== Exercise directions ==
Write out word for word the lines from the one holding "Gilet in cotone" through the end of the data, and only those lines. Pictures stay out.

== Information supplied ==
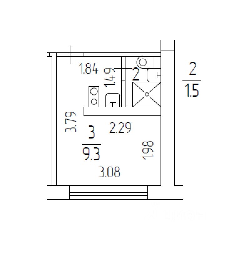 Студия площадью 11 кв.м, 7 кв.м отдельная комната и блок санузел+кухня 4 кв.м разделены стеной см. план. Окно со стеклопакетом смотрит в тихий зеленый двор. В студии оборудован совмещенный санузел, место под кухню.
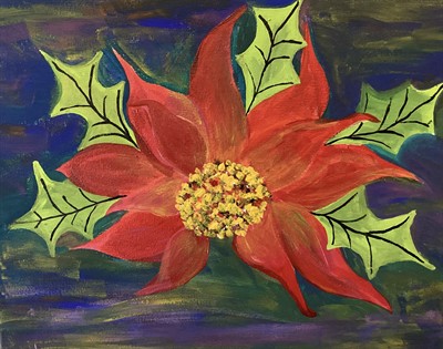 This month’s featured painting is a beautiful hand-painted holiday poinsettia, perfect for the season. Whether you’re a beginner or an experienced painter, our guided session will help you create your own vibrant masterpiece.
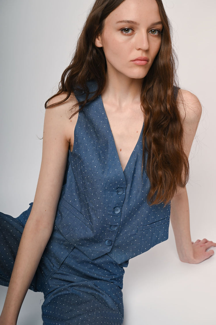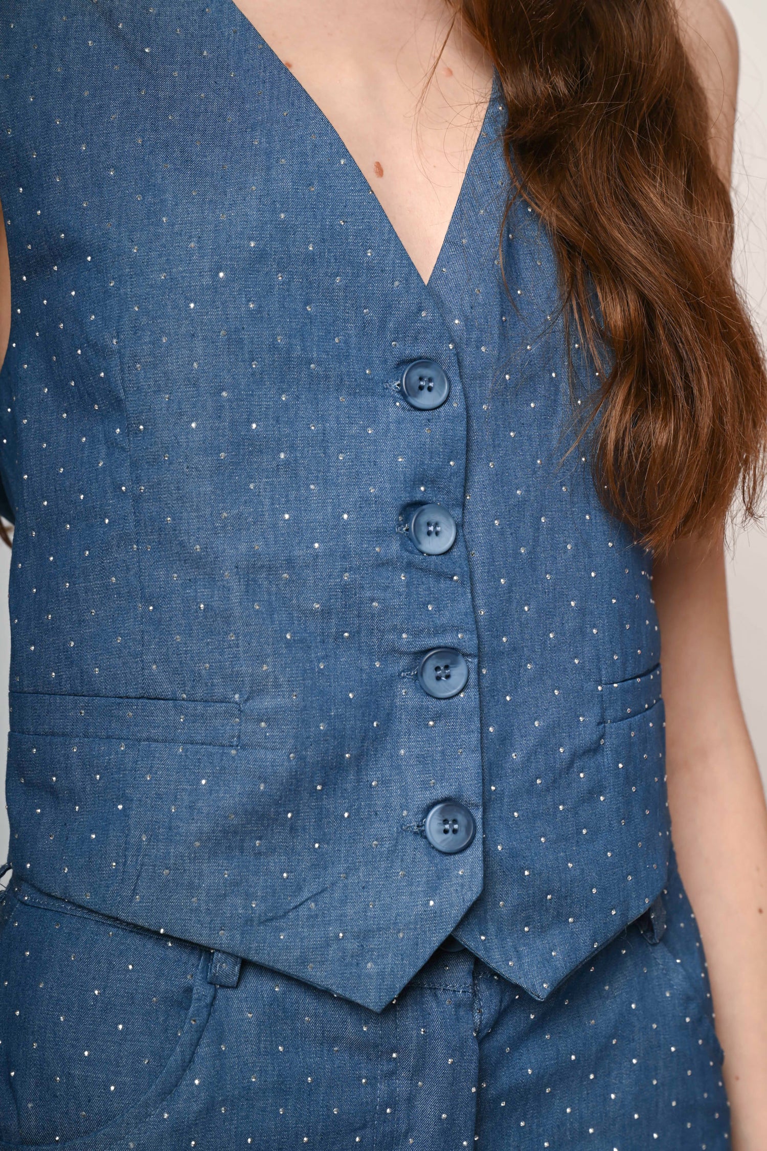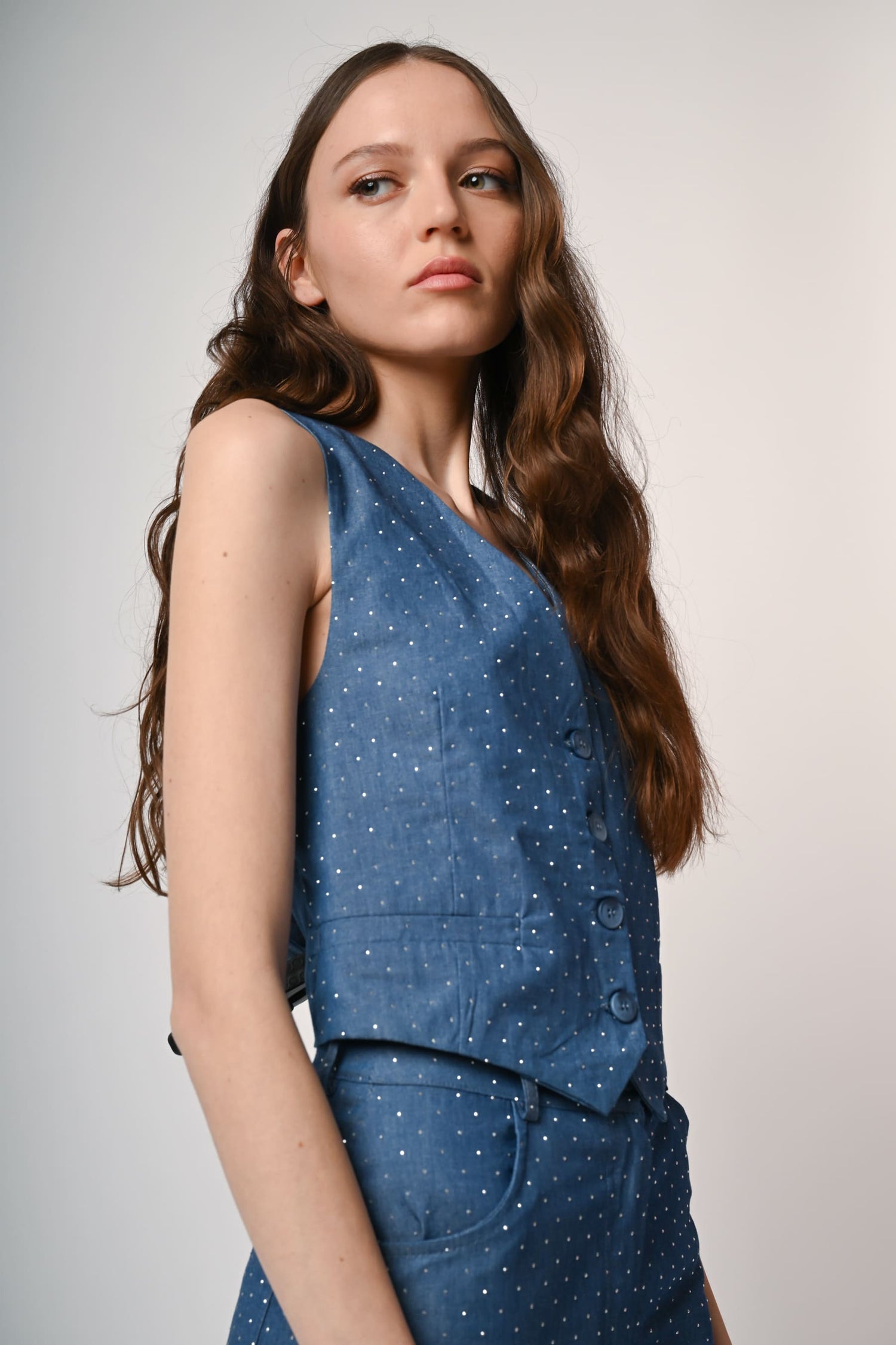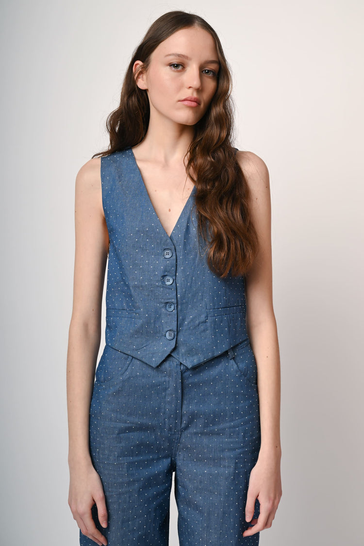 Gilet in cotone effetto denim blu con decorazione strass sul davanti, scollo a V, abbottonatura frontale e taschini a filetto.
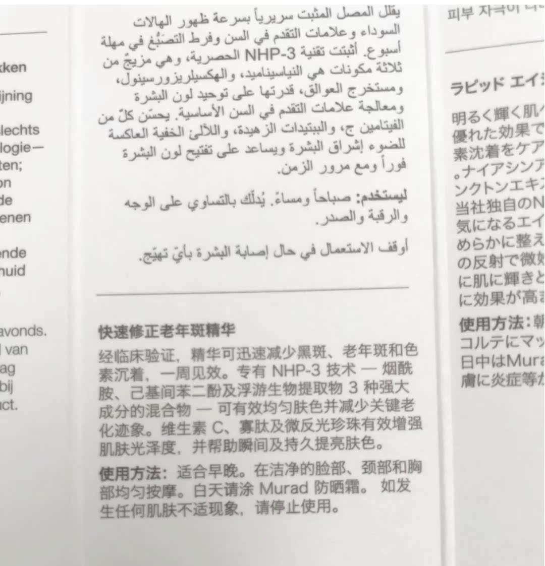 Murad Mullachen White Light Spots Essence Nicotinamide VC Emulsion Improves Dark Yellow Ti Bright Complexion Dark Spot Antioxidant

== Result of this task ==
 Gilet in cotone effetto denim blu con decorazione strass sul davanti, scollo a V, abbottonatura frontale e taschini a filetto.
 Murad Mullachen White Light Spots Essence Nicotinamide VC Emulsion Improves Dark Yellow Ti Bright Complexion Dark Spot Antioxidant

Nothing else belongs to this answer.